AS AMERICAN AS APPLE PIE AND BASEBALL
No other rifle action in existence is more American than the lever-action. While bolt guns and semiautomatics win in popularity with today’s shooters in the United States, the lever gun still has a large following. No other rifle action drips with the history of 19th-century America as does the lever-action.
There are some generalities about lever guns that merit discussion: reliability and accuracy. It is true that lever-action rifles are more complicated than bolt guns—and maybe even semiautomatics.
TIMING IS EVERYTHING
A bolt-action rifle is about as simple as a repeater can be, and the mechanics of even a semiauto are pretty simple. A traditional lever-action has to be timed perfectly to accomplish firing, ejection and feeding a cartridge from a tubular magazine without something going wrong.
A good example is the Winchester Model 94 I own. It is chambered for the .357 Magnum cartridge, which is a dandy cartridge when fired from a rifle-length barrel. Even better is the .357 Maximum cartridge.
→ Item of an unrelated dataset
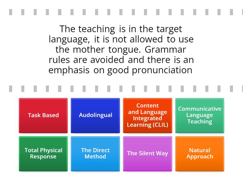 The Direct Method - The teaching is in the target language, it is not allowed to use the mother tongue. Grammar rules are avoided and there is an emphasis on good pronunciation, Task Based - It focuses on the completion of an interesting task by using the language they already have, Natural Approach - Learning takes place by the students being exposed to the language that is comprehensible to them. Proposed by Professor S. Krashen, Total Physical Response - The learners respond to simple commands given by the teacher. The aural comprehension is important for this method, The Silent Way - The teacher says as little as possible in order that the learner can be in control of what he wants to say. The mother tongue is not used, Audolingual - There is much practice of dialogues of every situation. New language is first heard and drilled before writing, Communicative Language Teaching - The focus is to enable the learner to communicate effectively and appropriately in vaious situations. The content are functions., Content and Language Integrated Learning (CLIL) - Teaching is organized around the content or subject matter that the students will acquire (History, Maths, Nature),

The Model 94 action is plenty long enough to handle the extra length of the .357 Maximum cartridge, so I figured the .357 Max in that handy carbine would be an ideal lever gun.
Not so simple. That little rifle has been to four of the top gunsmiths in the nation, with each trying to get the rifle to feed reliably. So far, none was successful. It feeds .357 Magnum cartridges flawlessly, but the longer Maximums will not feed. The timing is off.